El pasado 27 de octubre terminó el Sínodo para la Amazonia, celebrado en Roma. Han sido tres semanas de conversaciones e intensos debates acerca de la ordenación sacerdotal y, muy especialmente, sobre el medioambiente. Este es un tema que parece monopolizar la atención de los medios en la actualidad, y ahora tiene toda la atención de la Iglesia Católica y, en particular, del Papa Francisco.
El discurso ecologista ha sido parasitado por ideologías perversas, convirtiéndose de facto en la última causa del marxismo cultural. Y precisamente por este motivo, la Iglesia ha de navegar con cautela estas aguas, especialmente en el contexto sociocultural y geográfico de la Amazonia, considerado por muchos como uno de los reductos de la teología de la liberación, tan presente todavía en la Latinoamérica actual.
La deriva ideológica que ha adoptado el ecologismo actual también lo sitúan como antagonista al desarrollo empresarial y el libre mercado, al que critica de ‘destructor’ de comunidades, de la igualdad y, por descontado, del Planeta. Sin embargo, esta acepción del capitalismo es incorrecta por dos motivos, principalmente. En primer lugar, porque el libre mercado convive con, e incluso requiere, un proceso de destrucción creativa continua que no es sino “el hecho esencial del capitalismo”, como señala Schumpeter en Capitalismo, socialismo y democracia (1942), bajo la premisa de que, en aras de alcanzar cotas más elevadas de prosperidad, la eficiencia y la productividad dejan tras de sí aquellos sectores o empresas menos competitivos, en los que el protagonista es siempre el emprendedor innovador.

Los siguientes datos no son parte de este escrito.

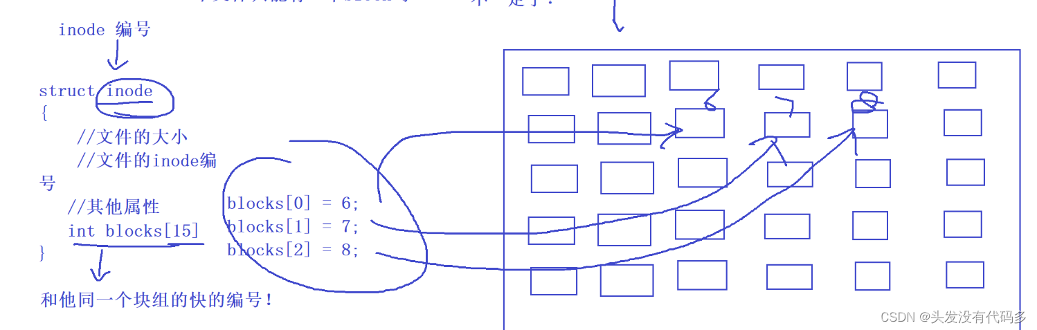 哪些block属于同一个文件?找到文件,只要找到该文件对应的inode编号,就能找到该文件的inode属性,可是文件的内容呢?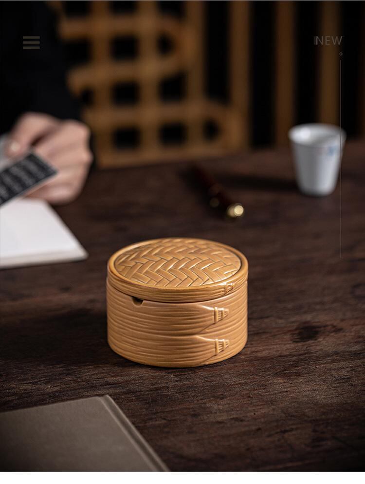 灰皿 アッシュトレイ 陶器製 蓋つき 防風 灰飛散防止 レトロデザイン 中国風 モダンチャイニーズ 開運 縁起物 リビング オフィス ティーテーブル用 おしゃれ インテリア 喫煙具

No obstante, lo que el Sínodo y otras voces han puesto de manifiesto es el segundo factor: la continua adaptación del capitalismo. El libre mercado tiene como una de sus señas de identidad su instinto de supervivencia a través de su adaptabilidad a un mundo cambiante; a un panorama político, un contexto económico y unas demandas sociales en permanente transformación. Sin embargo, en cuanto a la actual expresión o causa ecologista, esta respuesta parece haber sido demasiado lenta y, o bien el capitalismo se transforma a sí mismo, o lo hará la presión social y una ola regulatoria de inmensas proporciones.
A esta nueva sensibilidad hacía referencia hace apenas un par de días, Ana Botín, presidenta del Banco Santander, la primera entidad financiera española y el mayor banco de la Eurozona, en el marco de la XII Conferencia Internacional de Banca. Como señaló Botín, es preciso “reformar el capitalismo” y repensar el papel que las empresas juegan en la sociedad.
Esta nueva mentalidad que ha de adoptar la empresa privada va mucho más allá del ya clásico debate Friedman (teoría de los shareholders)-Freeman (teoría de los stakeholders). Ha de responder a una súplica —y, cada vez más, exigencia— social que, además, es ‘licencia’ para operar. Y aquí, la fe cristiana puede —y debe— arrojar luz. Como señala el Génesis, Dios dejó al hombre como guardián de la naturaleza e instó a que fuésemos co-creadores con Él. Por ello, el pesimismo antropológico que se ha apoderado del ecologismo no se explica salvo bajo la óptica marxista, que ha encontrado a su enemigo en la capacidad creativa del libre mercado.
Ante este panorama, la reflexión ha de ser doble. Por un lado, el capitalismo ha de transformarse profundamente para adaptarse a estas nuevas realidades sociales y demandas medioambientales. Y, simultáneamente, ha de ser capaz de transmitir los cambios que protagoniza, bajo la premisa de que no sólo se acomodan mejor al contexto que le rodea, sino que también salvaguarda la libertad, tan frecuentemente olvidada en la búsqueda de la igualdad.